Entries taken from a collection
-- Opening Marker --
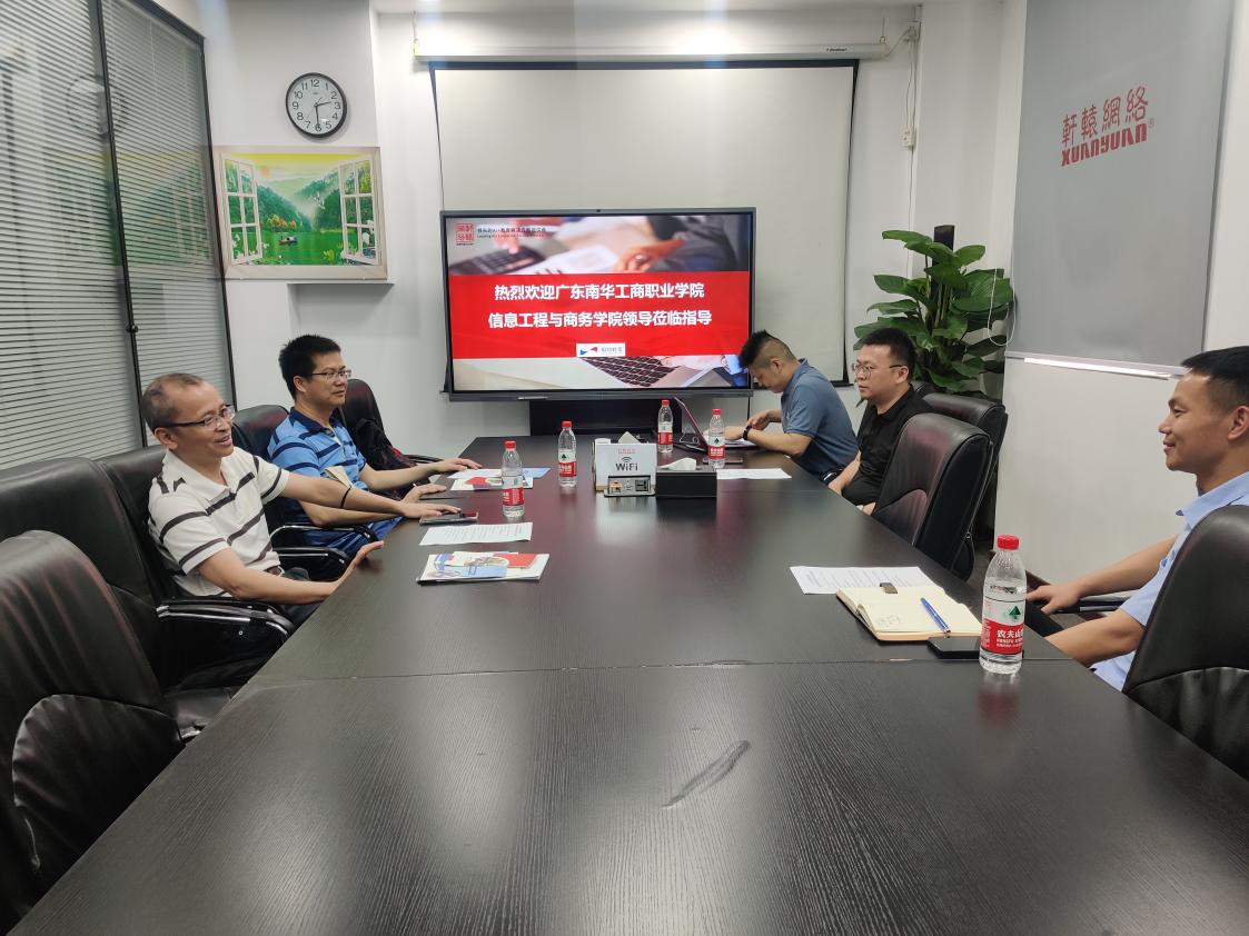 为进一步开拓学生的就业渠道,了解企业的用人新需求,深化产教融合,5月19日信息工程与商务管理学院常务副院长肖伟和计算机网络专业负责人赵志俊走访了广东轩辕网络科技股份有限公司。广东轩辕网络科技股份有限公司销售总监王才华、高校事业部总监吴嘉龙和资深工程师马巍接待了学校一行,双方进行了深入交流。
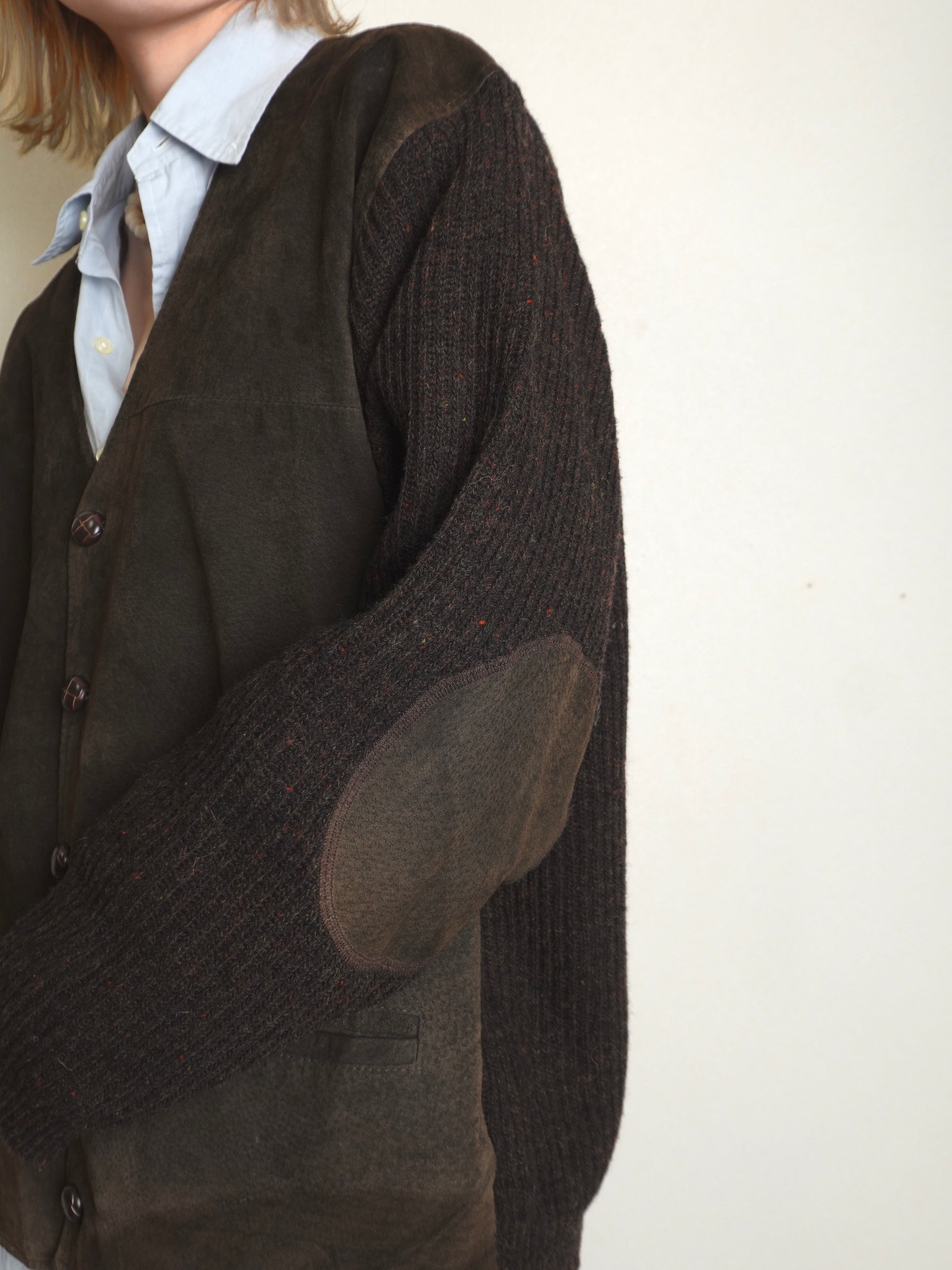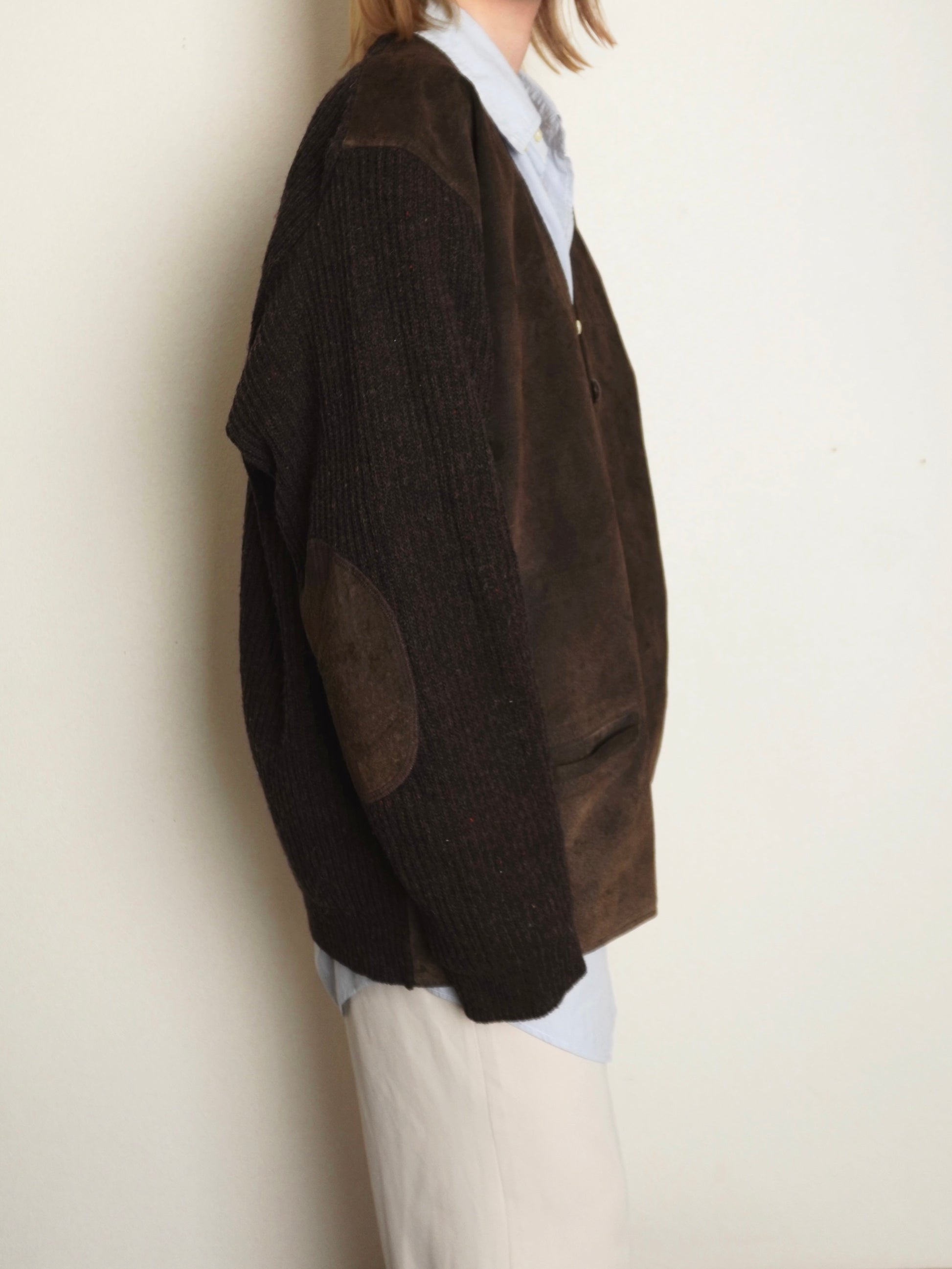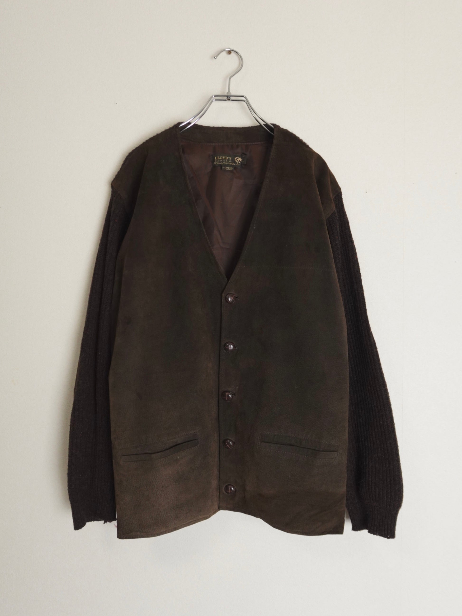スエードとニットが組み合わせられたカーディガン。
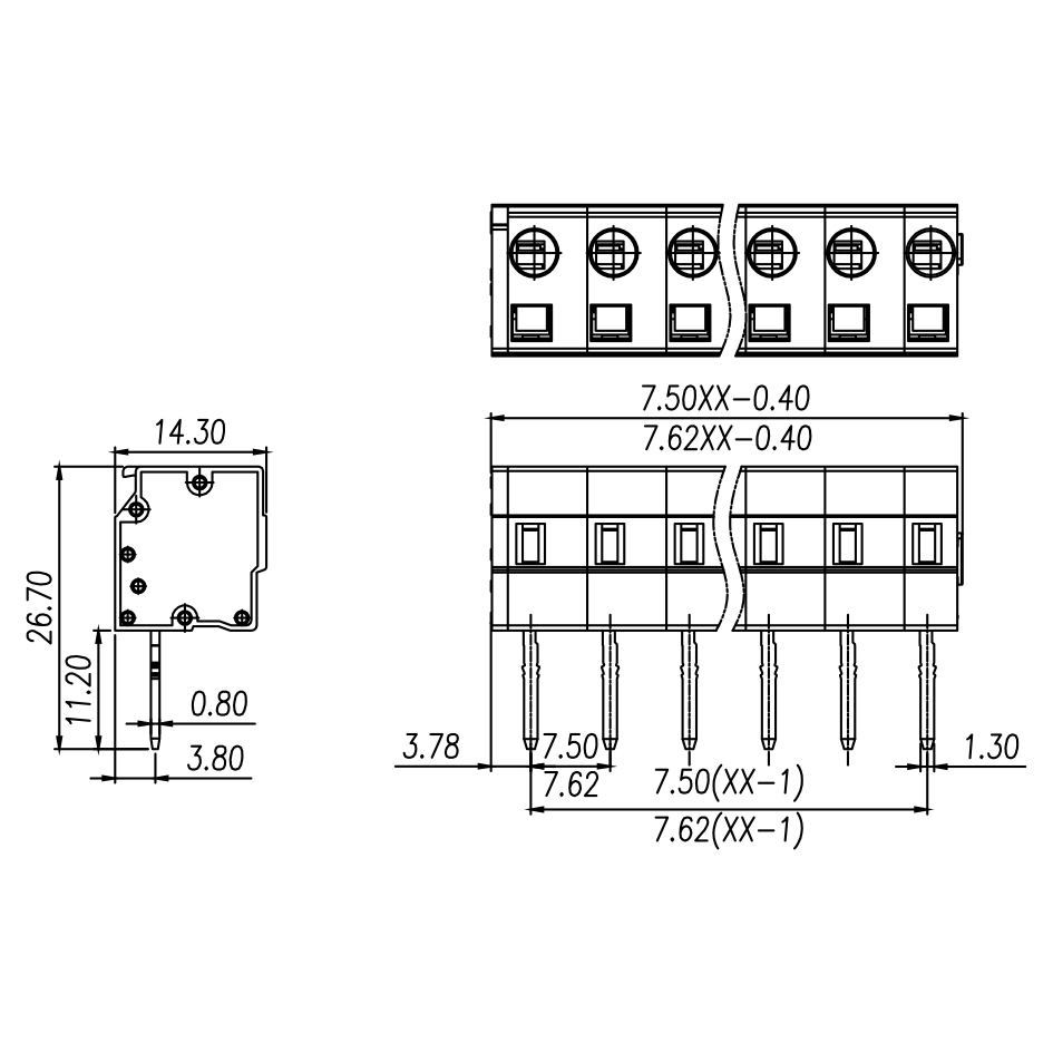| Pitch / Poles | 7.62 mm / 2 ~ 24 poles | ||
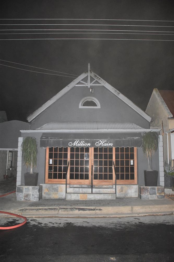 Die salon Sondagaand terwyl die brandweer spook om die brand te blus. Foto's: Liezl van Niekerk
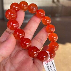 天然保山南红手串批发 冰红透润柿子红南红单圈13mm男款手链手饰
-- Closing Marker --
* **WORK INSTRUCTION**: Give back exactly the lines from the line with "Die salon Sondagaand" through the end of the records, both included; keep all pictures out.

* **FINISHED EXERCISE**:
 Die salon Sondagaand terwyl die brandweer spook om die brand te blus. Foto's: Liezl van Niekerk
 天然保山南红手串批发 冰红透润柿子红南红单圈13mm男款手链手饰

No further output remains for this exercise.